As people grow older and lose familiar places and people, it can be hard for them to go out and make new ties or explore new places.

Help them take the first step by accompanying them to new activities and introducing them to new people. There are senior activity centres in many estates where seniors can go to meet someone of their own age.

3. LOOK OUT FOR WARNING SIGNS

Seniors who are feeling lonely may not voice it out, and may not even recognise that this is an issue that could lead to depression.
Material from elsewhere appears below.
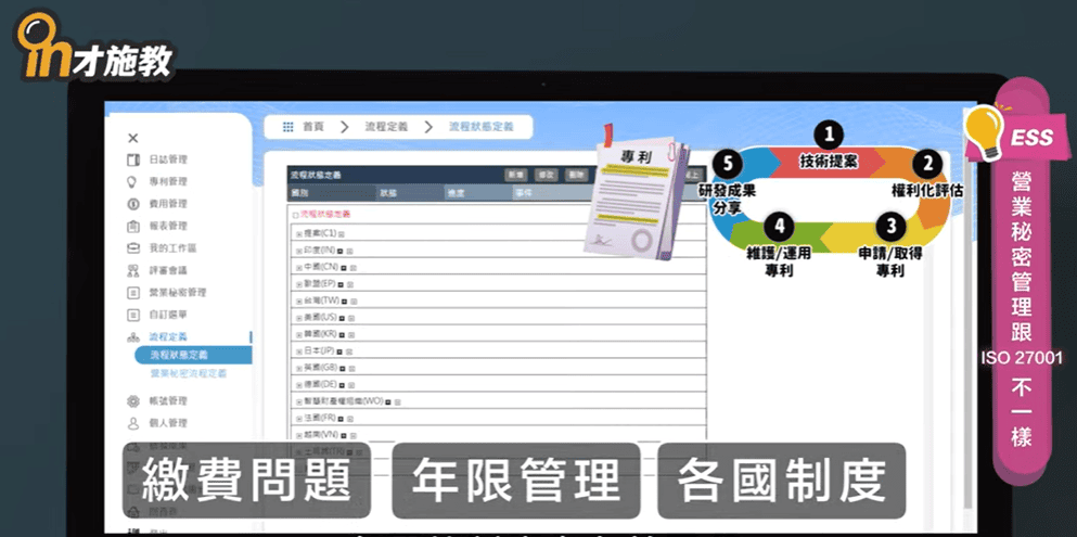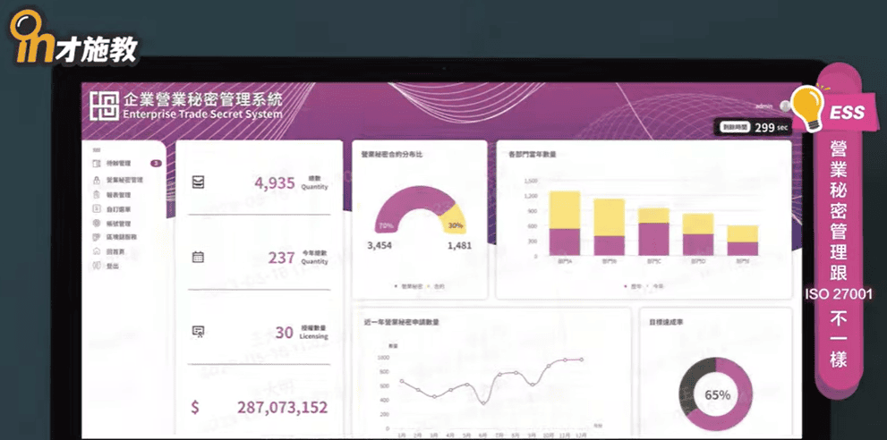 新穎公司為了因應市場的需求,今年也推出了營業秘密管理系統ESS,這是一個專門、專業的營業秘密管理系統,我們也是想藉由服務各大廠商的管理經驗,透過資訊系統的實作導入各企業,非常適合現在組織內如果還沒有營業秘密管理制度的廠商,可以用最快速、最省成本的方式,導入營業秘密管理制度,cp值是非常高的。

If a senior is showing signs of withdrawal - such as a lack of interest in conversation or in leaving the house - or a lack of interest in personal grooming, this could be a sign that loneliness is a problem.

Other warning signs include insomnia, sleeping more than usual, a lack of appetite, and mood swings.









Staying busy as volunteer despite kidney problems
By Linette Lai, Political Correspondent, The Straits Times, 27 Dec 2018

Nearly two decades after undergoing a life-saving kidney transplant, Madam Margaret Yeo had some bad news - the transplanted organ had failed and she would have to go back to kidney dialysis.

But the sprightly retired administrative assistant has not let her thrice-weekly dialysis sessions stop her from leading an active lifestyle.

Apart from church and family commitments, the 72-year-old volunteers once a week at Bedok Polyclinic, where she helps other seniors navigate the healthcare system.

This includes helping them use self-registration kiosks and giving directions to those who cannot find their way around the two-storey clinic.

"It gives me a lot of satisfaction to do this - rather than hiding myself at home and thinking about my sickness," said Madam Yeo, who is part of SingHealth Polyclinics' Helping Hands programme.



Madam Yeo started volunteering with the polyclinic last year, and has previously volunteered with community organisations to help bring low-income seniors out of their shell.

Many of those who live alone are very shy and often lonely, Madam Yeo said, but lack the confidence to leave their homes.

"Some don't even have a television set, so they just look out of the window all day," she added. "But when you take them out to meet somebody new, they start gaining confidence."